Figure 1Experimental design timeline. MP, methylprednisolone. |
Gait analysis
Gait recording and analysis were performed as previously described (25). Briefly, a small animal gait analyzer for hind limb gait video was used (Clever Sys Inc.). Each rat's gait was recorded five times (20 sec each time), and three clear videos were selected for analysis. First, the speed of the running belt was set, so that the animals in the closed transparent tunnel containing the running tape were not running at their own speed. Next, a high-speed color camera was used to evaluate the ventral surface angle between the gait and the running tape. The video file was delivered to the meter connected to the computer, and TreadScan 4.0 system software (Clever Sys Inc.) was used for analysis. The angle of hind limb gait, hind limb swing time, rear foot pitch, stride time, right foot baseline and hind limb maximum lateral deviation were recorded. The recording and analysis were performed using a double-blinded method by two trained individuals. The basic data were recorded 1 day before SCI, and four rats in each group were used to record the gait at 2-8 weeks after SCI.
Morphological analysis
A section containing the spinal cord tissue was obtained as previously described (26). Briefly, after completing the behavioral assessment, rats were anesthetized with 5% chloral hydrate (300 mg/kg i.p.; Source Leaf Biological Technology) and subjected to transcardial perfusion with 0.9% saline followed by 4% paraformaldehyde (Sigma-Aldrich; Merck KGaA) in 0.1 M PBS (pH 7.4). After perfusion, the spine was removed, and the injured segment was collected (including ~1 cm of the spinal cord above and below the injury) and placed in 4% paraformaldehyde solution.
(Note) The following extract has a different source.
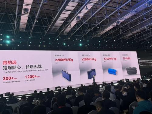 方形磷酸铁锂系列,能量密度为120-160Wh/kg,纯电续航200-600km、插混和增程的纯电续航为100-200km;

The samples were fixed by incubation for 1 day at 4˚C and dehydrated with a gradient 0.1 mol/l cacodylic acid buffer containing 20 and 30% sucrose. Next, the samples were placed on a HM550 frozen microtome (Microm UK Ltd.), and 20 µm-thick sections were cut, dried at room temperature and stored at -80˚C. One slice showing the center of the impact (+0 mm) and approximately 3 and 5 mm from the impact was selected and stained with Harris' hematoxylin for 10 min and with eosin for 1 min at room temperature. (H&E; Sigma-Aldrich; Merck KGaA) and Luxol fast blue for 12 h at 37°C (Sigma-Aldrich; Merck KGaA) for routine pathological examination. A total of 10 transversal 20-mm sections from each sample were processed to analyze the cavitation area, and the images were captured by an Olympus DP71 system with an inverted Olympus IX71 microscope (Olympus Corporation; magnification, x40). The myocardium area and the total area of the spinal cord were statistically analyzed with Image-Pro Plus (version 6.0; Media Cybernetics, Inc.). Following completion of sample acquisition, the rats were euthanized by cervical dislocation following anesthesia with intraperitoneal injection of 5% chloral hydrate (300 mg/kg).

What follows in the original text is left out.